# 시간을 달려서



## wonlon

G-Friend(여자친구) has a new song "시간을 달려서", but I don't quite grasp the meaning of the title even I looked up the dictionary. Would someone explain it to me?

Thanks a lot


----------



## i5369

'시간을' is composed of '시간', which means 'time', and '을', which is a 'postpositional particle' making a noun into a subject and/or an object within a sentence.
In '달려서', the root form of the verb is '달리다', which means 'to run'.

Actually, "시간을 달려서" is not a complete sentence, and there needs to be some part at the end of it. (e.g. 시간을 달려서 **에 도착했다.)
From my understanding, I'd say that the meaning of "시간을 달려서" is "By running through time", although I haven't read the lyrics of the song.


----------



## wonlon

i5369 said:


> Actually, "시간을 달려서" is not a complete sentence, and there needs to be some part at the end of it. (e.g. 시간을 달려서 **에 도착했다.)
> From my understanding, I'd say that the meaning of "시간을 달려서" is "By running through time", although I haven't read the lyrics of the song.



"시간을 달려서" appears in this part of the lyrics:

미처 말하지 못했어 다만 너를 좋아했어
어린 날의 꿈처럼 마치 기적처럼
*시간을 달려서* 어른이 될 수만 있다면
거친 세상 속에서 손을 잡아줄게

> (Complete lyrics)
Would you me see how it means here?


----------



## i5369

So, it's running towards the future, rather than running back to the past.

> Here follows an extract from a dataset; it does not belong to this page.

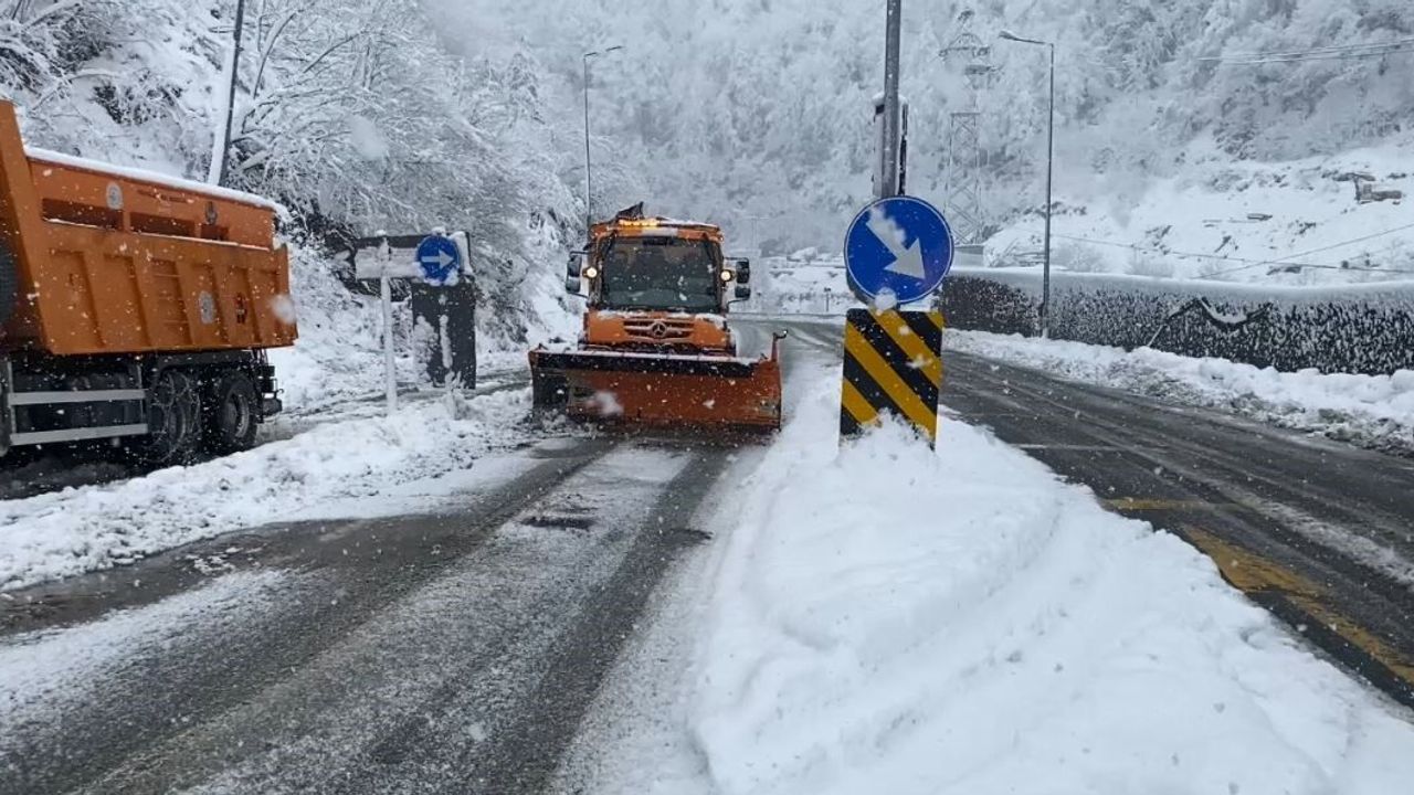 Hopa karayolunda kar nedeniyle trafikte aksamalar yaşansa da ekiplerin müdahalesiyle kontrollü geçişler devam ediyor.

The lylic can be translated as below, hope this'll be helpful to you 

(Translation)
Although I couldn't have said, but I just loved you.
Like in a dream in my childhood, like a miracle,
If I can be a grown-up 'by running through time',
I'll hold your hands in this wild world.


----------



## Hit Girl

I would say 'racing through time' or 'skipping over time'
*
시간을 달려서* 어른이 될 수만 있다면:
If I could be an adult
by racing through time / skipping over time

시간을 달리다 doesn't sound right but it's understood since it's part of lyrics and all.

시간을 뛰어 넘어 is what people would say in real life.


----------